Industrial Hygienist: A highly trained, usually certified expert who works to reduce safety risks and hazards in an industrial setting.
Metabolite: A substance formed in or necessary for metabolism.
Mil: A measure of thickness usually describing vinyl wear layers, plastic film, trash bags, or liners. One mil equals on one-thousandth (1/1000) of an inch.
Mildew: A form of fungus denoted by its white color.
Mold: A form of fungus that grows in the form of multi-cellular filaments called hyphae. Molds come in a variety of colors, and can appear fuzzy or in slimy streaks. There is often a musty or earthy odor around molds.
Mycelium: The vegetative part of a fungus consisting of branching, interwoven hyphae.
Mycotoxins: Toxic compounds produced by some molds and fungi.

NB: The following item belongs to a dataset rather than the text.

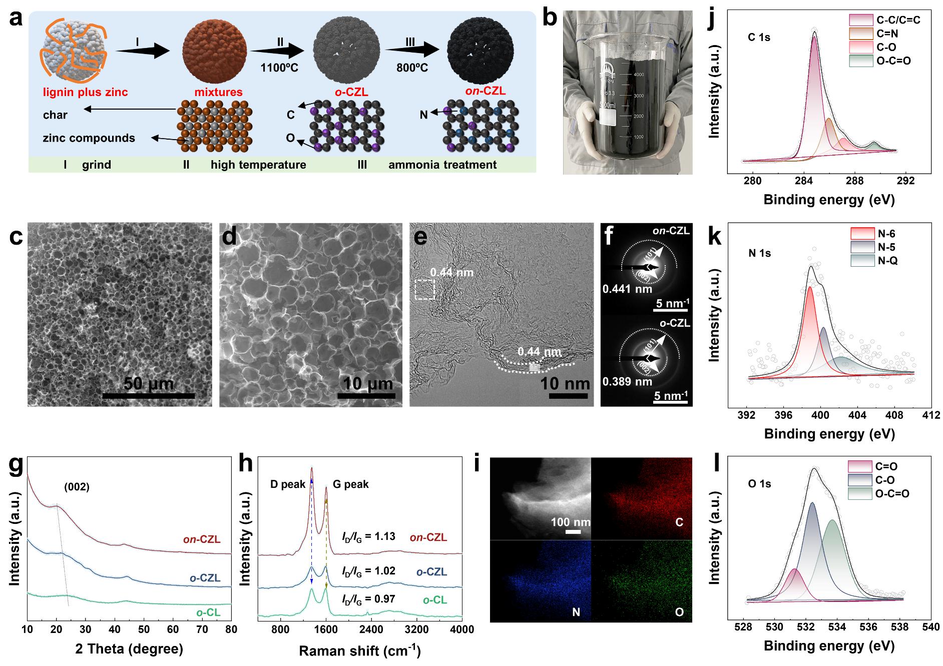 图1.on-CZL碳材料表征。(a)锌辅助热裂解木质素合成on-CZL的示意图;(b)on-CZL材料;(c,d)SEM图;(e)HRTEM图;(f)SAED图;(g,h)XRD图和Raman光谱(i)EDS元素分布图;(j-l)XPS谱。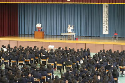 講演では、看護師としてのキャリアや働くことの意義について、具体的な経験を交えたお話をいただきました。質疑応答では、生徒からの質問に丁寧に答えていただき、看護師という職業を超えて、生き方や心の持ち方についても学ぶことができました。

Nonporous: A material that is not easily penetrated by liquids and does not easily absorb them.
Penicillium: A collection of fungi that is common in house dust and grows on wallpaper and wallpaper glue, wallpaper glue, fabrics, wall board, moist chipboards, and behind paint.
Plaster: A building material formed by mixing powder with sand and water. Applied over a plaster base to form a hard finish surface on walls and ceilings.
Pulmonary: Relating to, or associated with, the lungs.
Relative Humidity: The amount of water vapor in the air relative to the amount needed for saturation at a given temperature.
Remediation: The process of stopping or reversing environmental damage.
Spore: An inactive, typically uni-cellular, reproductive unit that can spawn bacteria or fungi under appropriate conditions. Spores are still capable of causing health issues, including allergic reactions.
Sporicide: A disinfectant specifically for targeting spores.
Stachybotrys chartarum: Also known as black mold or toxic black mold, is a mold that is black in color and can be very hazardous if left unchecked.
Toxicity: The degree to which a substance is dangerous and can cause harm.
Toxin: A poisonous substance produced by living organisms, such as bacteria and fungi.
Vapor: The gaseous form of a substance as it evaporates.
Virus: A minute infective agent. Viruses can spread a variety of dangerous diseases to humans.